Вода и грёзы. Опыт о воображении материи - стр. 32
Что же это за жертвоприношение, которое уничтожает живое существо, топя его в благоуханных волнах; которое воссоединяет живое существо с целым мирозданием, что вечно трепещет и укачивает, подобно морскому течению? Что же это за жертвоприношение, от которого живое существо погружается в такое упоение, что не осознает ни собственной гибели, ни собственного счастья – и при этом поет? Нет, это не окончательная смерть. Так умирает лишь один вечер. Это переполняющее душу желание увидеть новое рождение сверкающего утра, увидеть день, снова воздвигающий образ лебедя над водной гладью[86].
Для того чтобы комплекс, подобный формулируемому нами образу лебедя, обрел всю свою поэтическую выразительность, нужно, чтобы в сердце поэта он действовал тайком, а поэт, неотрывно созерцающий лебедя над водной гладью, не отдавал себе отчета в том, что он жаждет некоего более нежного приключения. Это относится, как мы полагаем, и к грезам Гёте. Подчеркивая всю естественность грезы Фауста, мы сейчас противопоставим ей другой пример, символы которого представляются нам явно надуманными и грубо скомпонованными. На этом примере мы встретимся с упомянутым халтурным эллинизмом – столь характерным для комплексов культуры. Слияния желания и символа тут не происходит, архетип не живет присущей ему жизнью, им слишком быстро завладевает воспоминание об учебнике мифологии.
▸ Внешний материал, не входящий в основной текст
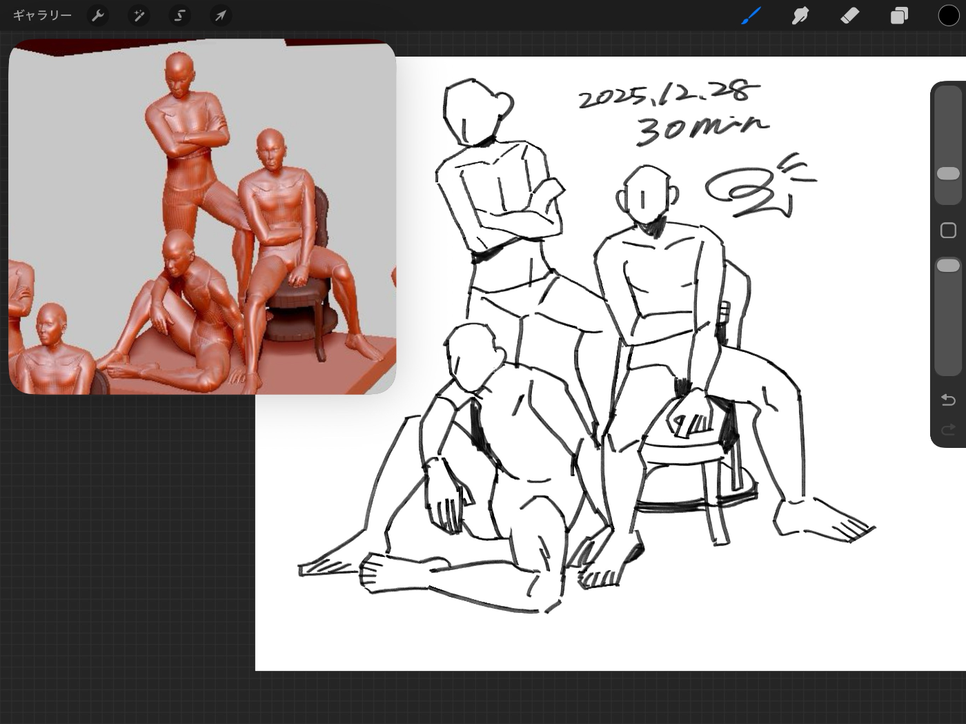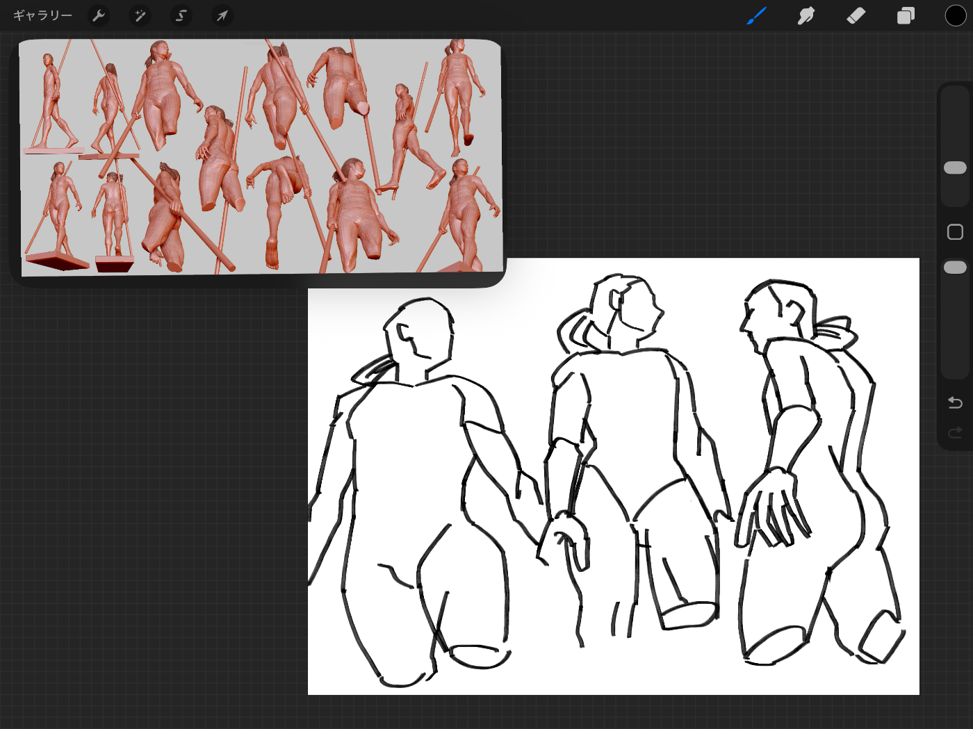 一番最近の活動。新しく知った3Dポーズ集のサイトから画像を選んで練習しました。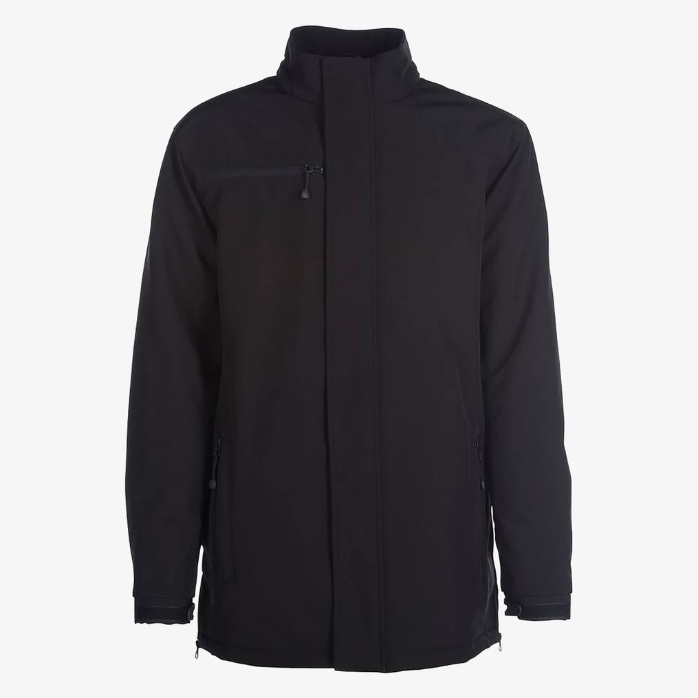 De doorgestikte Softshell parka Wellington Men is gemaakt uit drie lagen. Heeft een aangesloten pasvorm, een borstzak met rits, twee ritszakken en twee open zijzakken, evenals een binnenzak voor een tablet. De manchetten zijn verstelbaar met klittenband.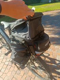 borsa portapacchi posteriore bici usata pochissimo. espandibile, dotata di tracolla e telo per la pioggia. 3 disponibili.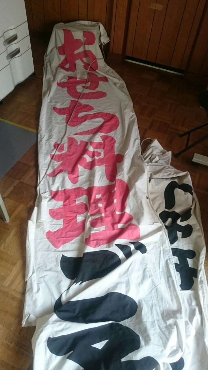 今まで使用していた幕と同じ生地、天竺木綿生地を使用し、日焼けに強い顔料で赤文字、黒文字の2色で染めました。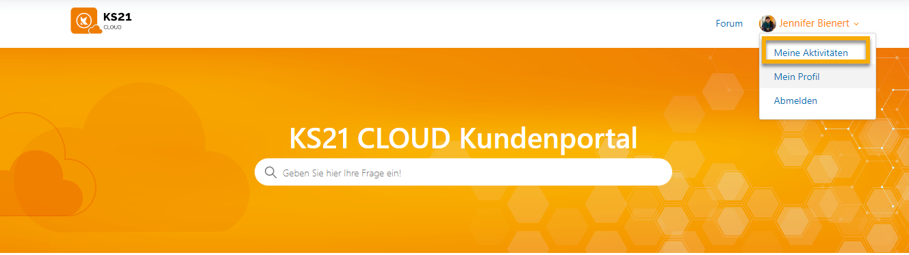 Öffnen Sie hierfür das Kundenportal im oberen, rechten Bereich auf Ihren Namen und wählen Sie dort "Meine Aktivitäten" aus.

Мы позаимствовали этот пример в одной из новелл, которые Пьер Луи[87] объединил в сборник под названием «Сумерки нимф»[88]. В этой книге есть и немало действительно прекрасных страниц. Мы не притязаем здесь на то, чтобы вынести о ней литературно-критическое суждение. Нас здесь интересует психологическая точка зрения.
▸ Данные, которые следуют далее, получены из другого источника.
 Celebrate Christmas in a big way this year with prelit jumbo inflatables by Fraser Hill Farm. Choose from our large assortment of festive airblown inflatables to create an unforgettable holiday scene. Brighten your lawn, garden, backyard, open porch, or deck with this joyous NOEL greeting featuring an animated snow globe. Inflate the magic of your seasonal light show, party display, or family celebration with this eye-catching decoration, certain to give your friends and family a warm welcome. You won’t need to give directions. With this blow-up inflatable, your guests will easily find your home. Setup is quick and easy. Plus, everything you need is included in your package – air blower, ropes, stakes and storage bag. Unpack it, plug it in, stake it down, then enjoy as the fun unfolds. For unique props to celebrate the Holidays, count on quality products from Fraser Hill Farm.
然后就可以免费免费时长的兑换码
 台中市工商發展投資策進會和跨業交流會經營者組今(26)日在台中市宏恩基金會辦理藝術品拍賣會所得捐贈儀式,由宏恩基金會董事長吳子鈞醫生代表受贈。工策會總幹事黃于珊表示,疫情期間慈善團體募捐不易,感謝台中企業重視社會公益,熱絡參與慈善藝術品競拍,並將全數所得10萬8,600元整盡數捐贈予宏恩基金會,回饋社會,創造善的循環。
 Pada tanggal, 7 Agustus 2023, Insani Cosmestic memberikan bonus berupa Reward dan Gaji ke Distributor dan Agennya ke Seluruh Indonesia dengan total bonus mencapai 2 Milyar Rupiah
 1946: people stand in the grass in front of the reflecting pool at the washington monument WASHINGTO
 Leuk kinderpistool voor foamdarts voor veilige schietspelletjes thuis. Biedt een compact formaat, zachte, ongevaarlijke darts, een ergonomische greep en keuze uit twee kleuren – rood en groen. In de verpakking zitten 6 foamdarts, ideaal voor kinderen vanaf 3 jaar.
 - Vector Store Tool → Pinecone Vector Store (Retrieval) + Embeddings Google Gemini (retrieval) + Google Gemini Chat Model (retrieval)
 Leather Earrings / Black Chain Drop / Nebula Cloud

В рассказе «Леда, или Похвала блаженным сумеркам»[89]комплекс лебедя сразу же обнаруживает свои «человеческие, слишком человеческие»[90] черты. Скрывающие образы своей функции не выполняют, сквозь них видно, пожалуй, слишком ясно. «Либидинозного» читателя обслуживают немедленно и без всяких обиняков. «Прекрасная птица была белая, словно женщина, блестящая и розовая, как свет» (р. 21). Но как только птица, белая, словно женщина, обходит вокруг нимфы, «искоса поглядывая на нее», она мгновенно теряет всю символическую значимость. Итак, лебедь подходит к Леде (р. 22). Когда лебедь «был совсем рядом (от Леды[91]), он приблизился вплотную и, приподнявшись на широких красных лапах, вытянул настолько высоко, насколько мог, грациозно колыхавшуюся шею к юным голубоватым чреслам, до самой нежной складки выше бедра. Изумленные руки Леды бережливо обхватили головку, покрыв ее ласками. Лебедь трепетал всеми перьями. Глубоким и бархатистым крылом он сжал обнаженные ноги Леды и согнул их в коленях. Уступив лебедю, Леда распростерлась на земле». А через две страницы всё уже свершилось: «Леда… открылась ему, как голубой речной цветок. Между похолодевшими коленями она ощущала теплоту птичьего тела. Внезапно она вскрикнула: „Ах!.. Ах!..“ – и руки ее задрожали, словно бледные веточки. Клюв проник угрожающе глубоко, а голова лебедя двигалась внутри нее с такой яростью, будто он с наслаждением пожирал ее внутренности».